Evoquant sa "vulnérabilité absolue", le candidat de 74 ans, qui avait remplacé au pied levé Maria Corina Machado, la cheffe de l'opposition déclarée inéligible, n'a pas été vu en public depuis plus d'une semaine, alors que Maduro le traite régulièrement de "criminel".
M. Gonzalez Urrutia risque une arrestation notamment depuis que le parquet a ouvert une enquête contre lui et Maria Corina Machado pour "usurpation de fonctions, diffusion de fausses informations, incitation à la désobéissance aux lois, incitation à l'insurrection, association de malfaiteurs".
"Il est important que sa non-comparution et son non-respect de la convocation soient consignés dans le procès-verbal", a déclaré devant une chaise vide la présidente du Tribunal suprême de Justice (TSJ), Caryslia Rodriguez, au siège de la haute juridiction.
La réélection de Maduro a été proclamée par le Conseil national électoral (CNE) qui n'a toutefois pas donné le détail du vote des bureaux.
Le CNE, tout comme le TSJ, est considéré comme étant aux ordres du pouvoir par l'opposition mais aussi par la plupart des observateurs.
La Cour suprême, qui a convoqué tous les candidats, ainsi que d'autres responsables, dans le cadre de sa saisie par M. Maduro, a indiqué qu'elle se donnait "15 jours prolongeables" pour rendre une décision. M. Maduro a rendez-vous vendredi.
D'autres représentants de la coalition de l'opposition ont répondu mercredi à l'appel du TSJ.
- "Tenté de frauder" -
"Aucun parti politique ne sait onze jours après le processus électoral, quel a été le résultat du vote", a déploré Simon Calzadilla, du Mouvement pour le Venezuela (MPV), qui a soutenu M. Gonzalez Urrutia.
Contestant la procédure, il a ajouté: "Nous ne comprenons pas ce que nous faisons ici. Le TSJ ne peut pas usurper les fonctions constitutionnelles du pouvoir électoral" et "certifier des résultats" qui doivent être donnés par le CNE.
Sur le plan international, le président chilien Gabriel Boric a accentué la pression sur son homologue vénézuélien. "Je n'ai aucun doute sur le fait que le régime de Maduro a tenté de frauder", a-t-il déclaré.

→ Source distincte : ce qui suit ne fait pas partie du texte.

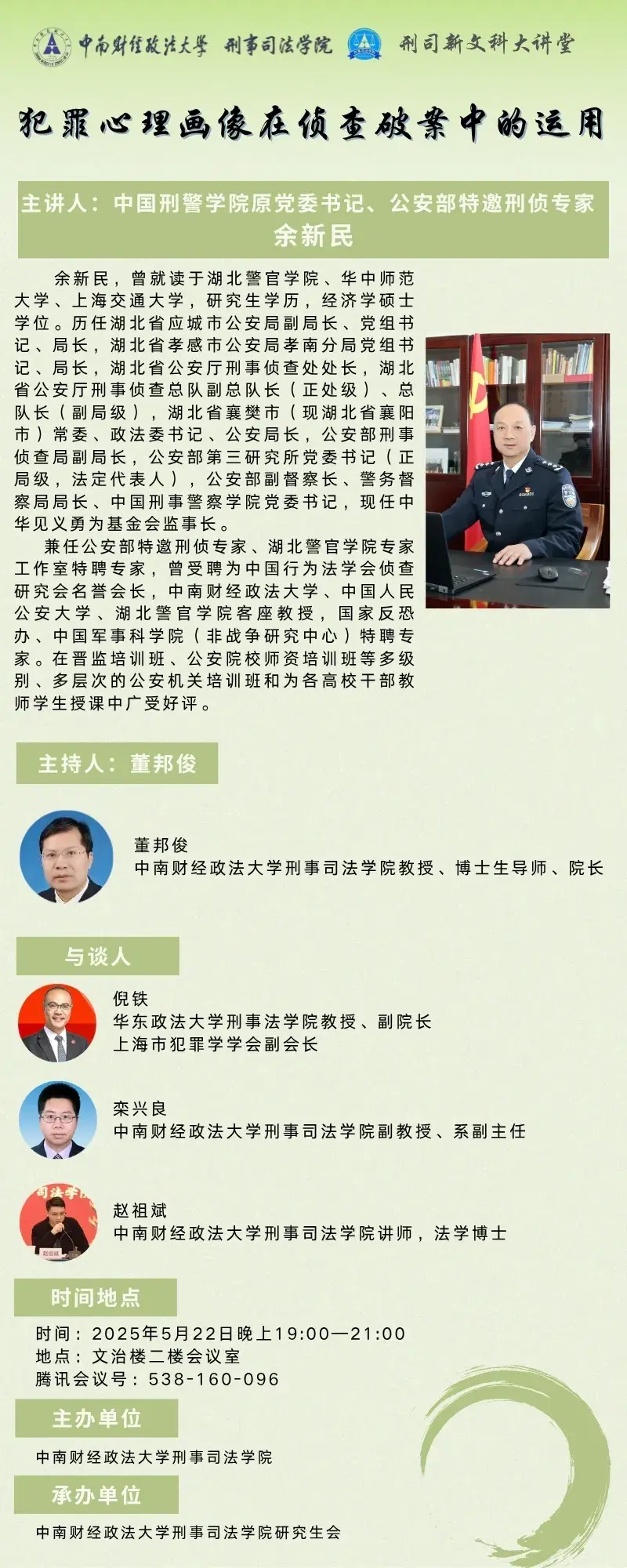刑司新文科大讲堂——犯罪心理画像在侦查破案中的运用
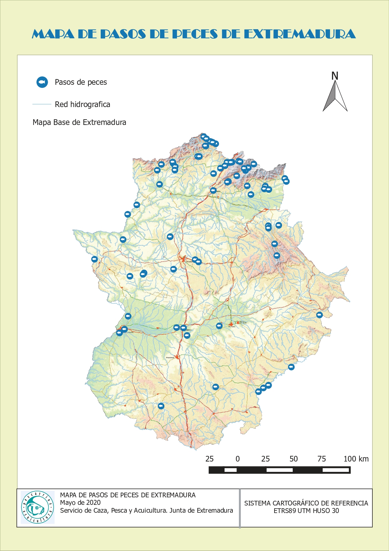 En el visor geográfico puede consultar de forma sencilla e intuitiva información relevante sobre la Orden General de Vedas de Extremadura y los Cotos de Pesca existentes en la comunidad de Extremadura. De cada Coto de Pesca se puede obtener una ficha en PDF en la que se recogen los datos relevantes para el pescador del Plan de Gestión del coto.

"Si ce n'était pas le cas, ils auraient montré les fameux procès-verbaux. Pourquoi ne l'ont-ils pas fait? S'ils avaient gagné, il est clair qu'ils auraient montré les procès-verbaux", a souligné M. Boric.
Le secrétaire d'État américain Antony Blinken "s'est entretenu mercredi avec le secrétaire général des Nations unies Antonio Guterres", a indiqué Matthew Miller, porte-parole des Affaires étrangères, soulignant que les deux hommes ont notamment "exprimé leur inquiétude quant à la sécurité et au bien-être des dirigeants de l'opposition".
Plusieurs pays, dont les Etats-Unis et l'Argentine, ont reconnu M. Gonzalez Urrutia comme le vainqueur du scrutin, tandis que d'autres, comme l'Union européenne, se sont abstenus de le faire tout en réclamant la publication intégrale des procès-verbaux.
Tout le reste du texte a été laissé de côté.